◆ **DATA BLOCK**
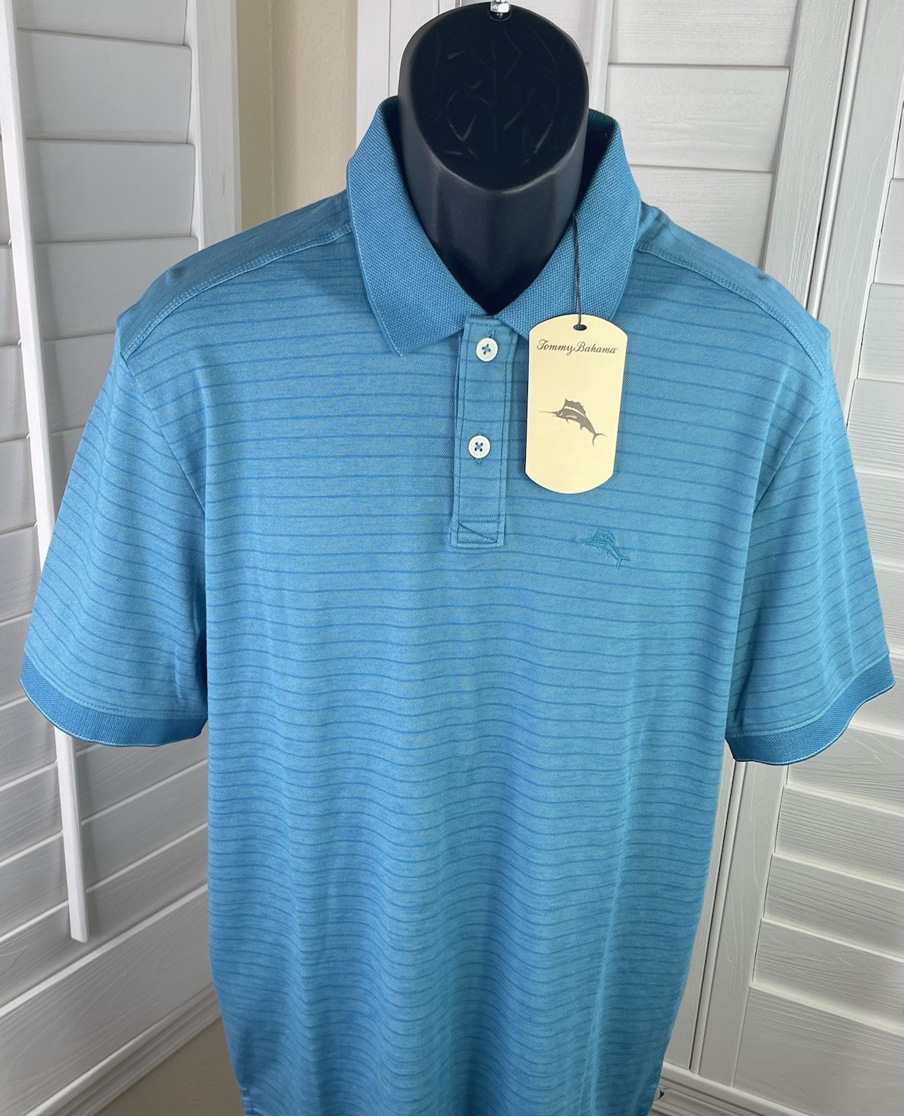 Tommy Bahama Striped Mosaic Blue Cotton Blend Polo Shirt, Men s Medium, NWT 99
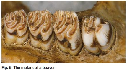 Plant cell walls are mainly cellulose, which we have great difficulty in digesting, but herbivores have a physiology and gut bacteria that can breakdown cellulose to produce energy. To release the cellulose, you have to really grind that material up; and to do that, you need teeth that are really rough. But mammalian teeth are enamel on dentine, held in a ligament by cementum, as you know. So to evolve a rough surface, it makes sense to take advantage of the fact that each of these materials wear down at a different rate. So when they wear, some will wear more than others, and it further makes sense to make lots of cusps that can wear. Fig. 4 is an example. It is the just erupted last molar of a porcupine, and next to it is one that has erupted, the cusps of which have worn down. Fig. 5 is another example, of the 4 molars of a beaver, with the last one recently erupted and showing early wear.
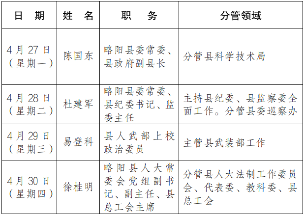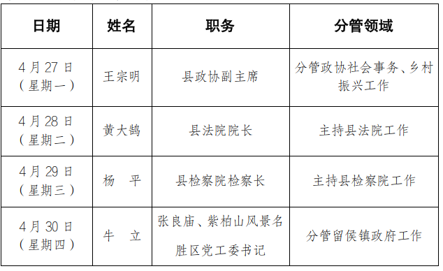 为进一步畅通信访渠道,方便群众及时就地反映诉求、解决问题,现将4月27日-4月30日县级领导在留坝县综治中心公开接访安排计划公布如下:
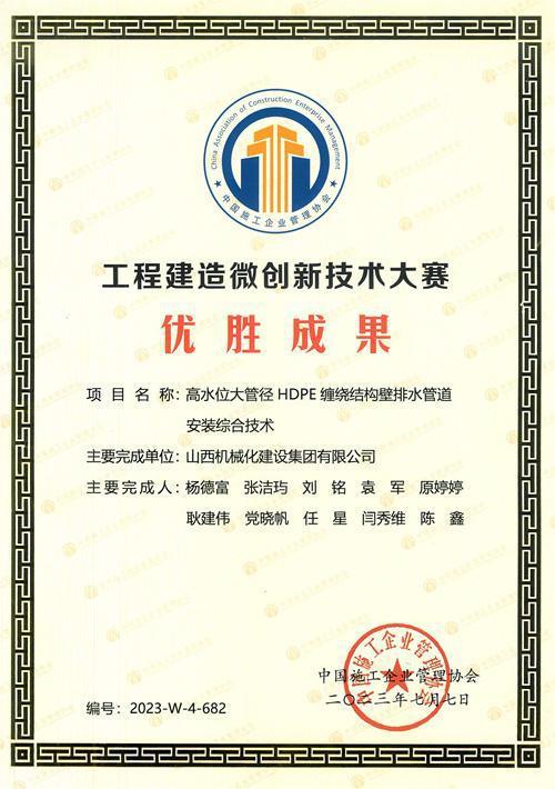 《高水位大管徑HDPE纏繞結(jié)構(gòu)壁排水管道安裝綜合技術(shù)》獲得中施企協(xié)“工程建造微創(chuàng)新技術(shù)大賽優(yōu)勝成果”

◆ **EXERCISE DETAILS**
The output consists of exactly the lines from the one containing "为进一步畅通信访渠道,方便群" through the last line of the listing, both included, with no pictures.

◆ **ANSWER**
 为进一步畅通信访渠道,方便群众及时就地反映诉求、解决问题,现将4月27日-4月30日县级领导在留坝县综治中心公开接访安排计划公布如下:
 《高水位大管徑HDPE纏繞結(jié)構(gòu)壁排水管道安裝綜合技術(shù)》獲得中施企協(xié)“工程建造微創(chuàng)新技術(shù)大賽優(yōu)勝成果”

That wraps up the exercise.